This demo demonstrates how to access the open DrugBank dataset. This dataset contains identifiers and names for integration with other data resources.
Wishart DS, et al., DrugBank 5.0: a major update to the DrugBank database for 2018. Nucleic Acids Res. 2017 Nov 8.
doi:10.1093/nar/gkx1037.
In [2]:
from pyspark.sql import SparkSession
from mmtfPyspark.datasets import drugBankDataset
In [4]:
spark = SparkSession.builder\
.master("local[*]")\
.appName("DrugBankDemo") \
.getOrCreate()
In [8]:
openDrugLinks = drugBankDataset.get_open_drug_links()
openDrugLinks.columns
Out[8]:
['DrugBankID',
'AccessionNumbers',
'Commonname',
'CAS',
'UNII',
'Synonyms',
'StandardInChIKey']
In [9]:
openDrugLinks = openDrugLinks.filter("StandardInChIKey IS NOT NULL")
In [10]:
openDrugLinks.select("DrugBankID","Commonname","CAS","StandardInChIKey").show()

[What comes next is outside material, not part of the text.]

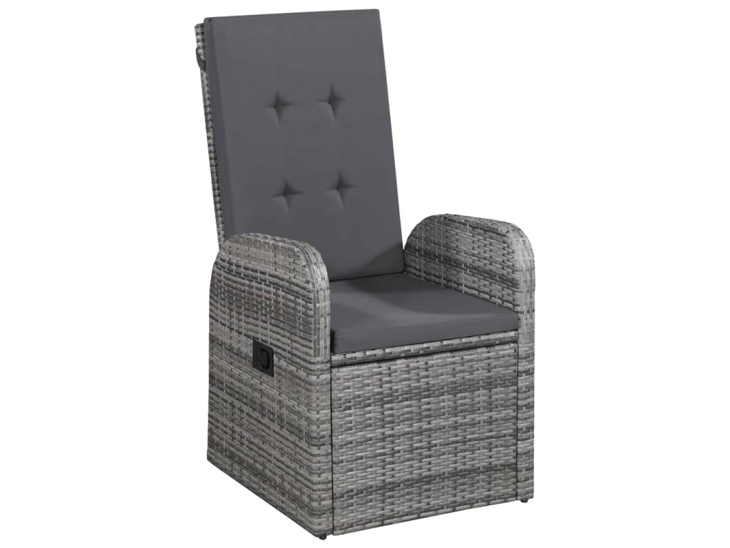 Jídelní stůl je zhotovený z masivního akáciového dřeva s olejovaným povrchem, takže je stabilní, odolný a nenáročný na údržbu. Jídelní židle mají rám z práškově lakované oceli, opletený PE ratanem, který výborně vzdoruje klimatickým vlivům. Dlouho vám proto vydrží a snadno je očistíte. Opěradlo lze sklopit zatažením za tlačítko na boku. Židle mají lehkou konstrukci, není tedy problém je přesunout, kam potřebujete. Navíc jsou opatřené mimořádně pohodlnými, hustě polstrovanými poduškami pro maximální komfort. Jejich polyesterové potahy nevyžadují téměř žádnou údržbu a dají se stáhnout a oprat.

+----------+--------------------+-----------+--------------------+
|DrugBankID| Commonname| CAS| StandardInChIKey|
+----------+--------------------+-----------+--------------------+
| DB00006| Bivalirudin|128270-60-0|OIRCOABEOLEUMC-GE...|
| DB00014| Goserelin| 65807-02-5|BLCLNMBMMGCOAS-UR...|
| DB00027| Gramicidin D| 1405-97-6|NDAYQJDHGXTBJL-MW...|
| DB00035| Desmopressin| 16679-58-6|NFLWUMRGJYTJIN-NX...|
| DB00050| Cetrorelix|120287-85-6|SBNPWPIBESPSIF-MH...|
| DB00080| Daptomycin|103060-53-3|DOAKLVKFURWEDJ-RW...|
| DB00091| Cyclosporine| 59865-13-3|PMATZTZNYRCHOR-CG...|
| DB00093| Felypressin| 56-59-7|SFKQVVDKFKYTNA-DZ...|
| DB00104| Octreotide| 83150-76-9|DEQANNDTNATYII-OU...|
| DB00106| Abarelix|183552-38-7|AIWRTTMUVOZGPW-HS...|
| DB00114| Pyridoxal Phosphate| 54-47-7|NGVDGCNFYWLIFO-UH...|
| DB00115| Cyanocobalamin| 68-19-9|RMRCNWBMXRMIRW-WZ...|
| DB00116|Tetrahydrofolic acid| 135-16-0|MSTNYGQPCMXVAQ-KI...|
| DB00117| Histidine| 71-00-1|HNDVDQJCIGZPNO-YF...|
| DB00118| Ademetionine| 29908-03-0|MEFKEPWMEQBLKI-AI...|
| DB00119| Pyruvic acid| 127-17-3|LCTONWCANYUPML-UH...|
| DB00120| L-Phenylalanine| 63-91-2|COLNVLDHVKWLRT-QM...|
| DB00121| Biotin| 58-85-5|YBJHBAHKTGYVGT-ZK...|
| DB00122| Choline| 62-49-7|OEYIOHPDSNJKLS-UH...|
| DB00123| L-Lysine| 56-87-1|KDXKERNSBIXSRK-YF...|
+----------+--------------------+-----------+--------------------+
only showing top 20 rows
The DrugBank password protected datasets contain more information. YOu need to create a DrugBank account and supply username/passwork to access these datasets.
In [13]:
username = "<your DrugBank account username>"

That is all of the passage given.